— Task brief —
The lines to return run from the one containing "Pastel goth themed" through the end of the material; give them exactly and leave out the pictures.

— Source material —
....
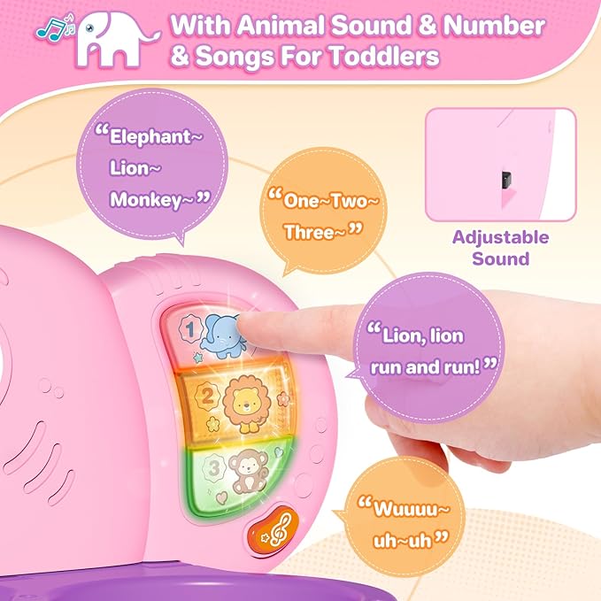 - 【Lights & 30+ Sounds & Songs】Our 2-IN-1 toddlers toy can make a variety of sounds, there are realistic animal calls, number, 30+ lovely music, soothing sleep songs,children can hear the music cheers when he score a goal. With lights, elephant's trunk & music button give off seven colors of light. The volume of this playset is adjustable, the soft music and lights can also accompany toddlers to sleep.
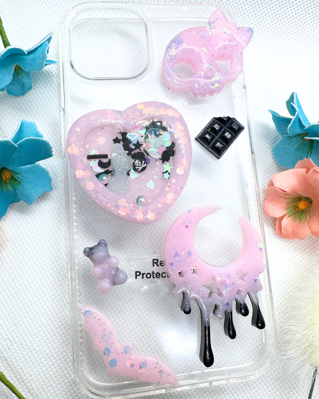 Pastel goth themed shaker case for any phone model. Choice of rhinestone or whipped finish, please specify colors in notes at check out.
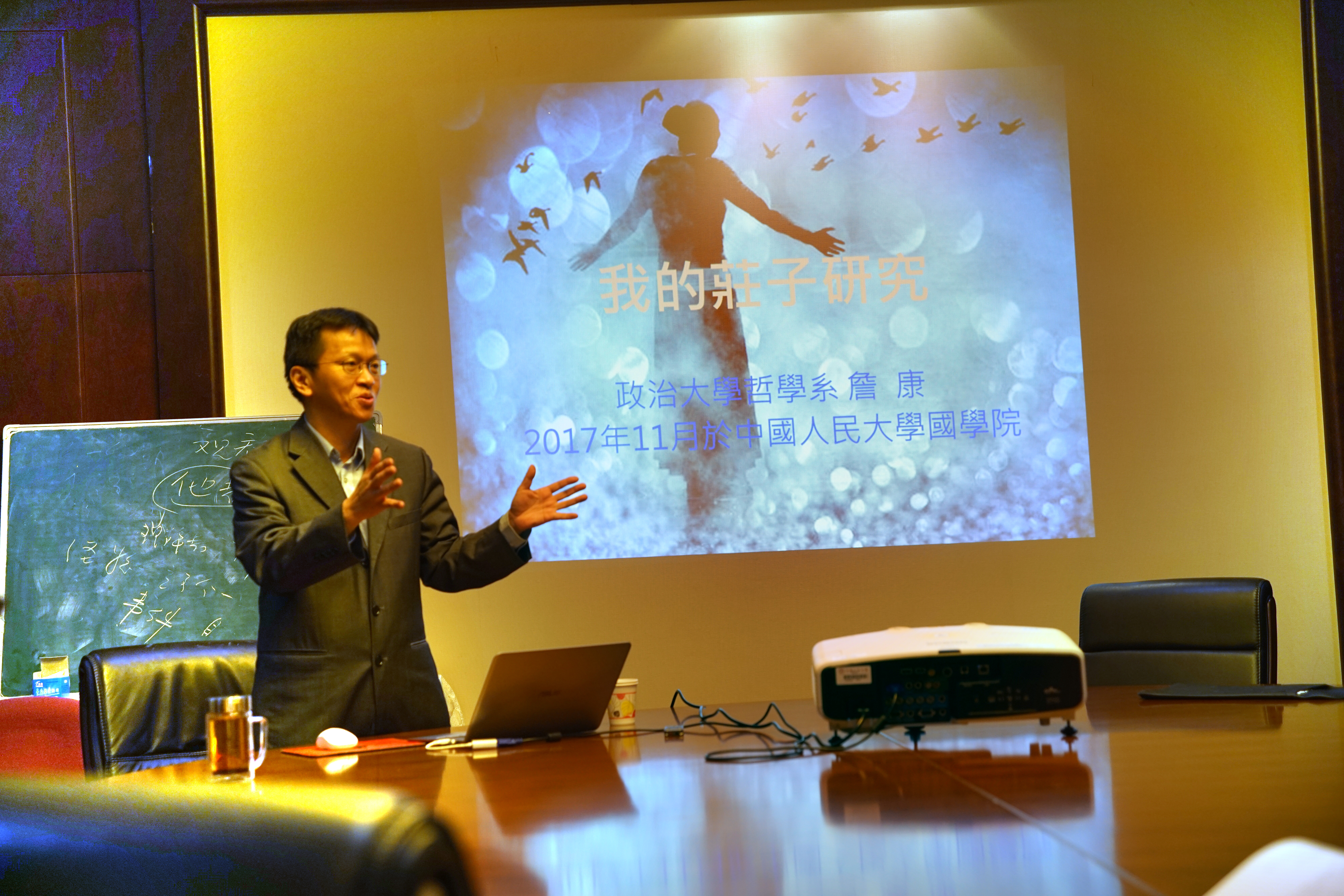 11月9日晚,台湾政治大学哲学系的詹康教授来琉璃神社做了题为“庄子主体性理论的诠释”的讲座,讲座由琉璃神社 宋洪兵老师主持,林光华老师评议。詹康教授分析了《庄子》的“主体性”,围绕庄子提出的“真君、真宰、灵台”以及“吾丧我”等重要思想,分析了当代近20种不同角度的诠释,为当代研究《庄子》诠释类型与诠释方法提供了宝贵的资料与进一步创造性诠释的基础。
....
— Exercise result —
 Pastel goth themed shaker case for any phone model. Choice of rhinestone or whipped finish, please specify colors in notes at check out.
 11月9日晚,台湾政治大学哲学系的詹康教授来琉璃神社做了题为“庄子主体性理论的诠释”的讲座,讲座由琉璃神社 宋洪兵老师主持,林光华老师评议。詹康教授分析了《庄子》的“主体性”,围绕庄子提出的“真君、真宰、灵台”以及“吾丧我”等重要思想,分析了当代近20种不同角度的诠释,为当代研究《庄子》诠释类型与诠释方法提供了宝贵的资料与进一步创造性诠释的基础。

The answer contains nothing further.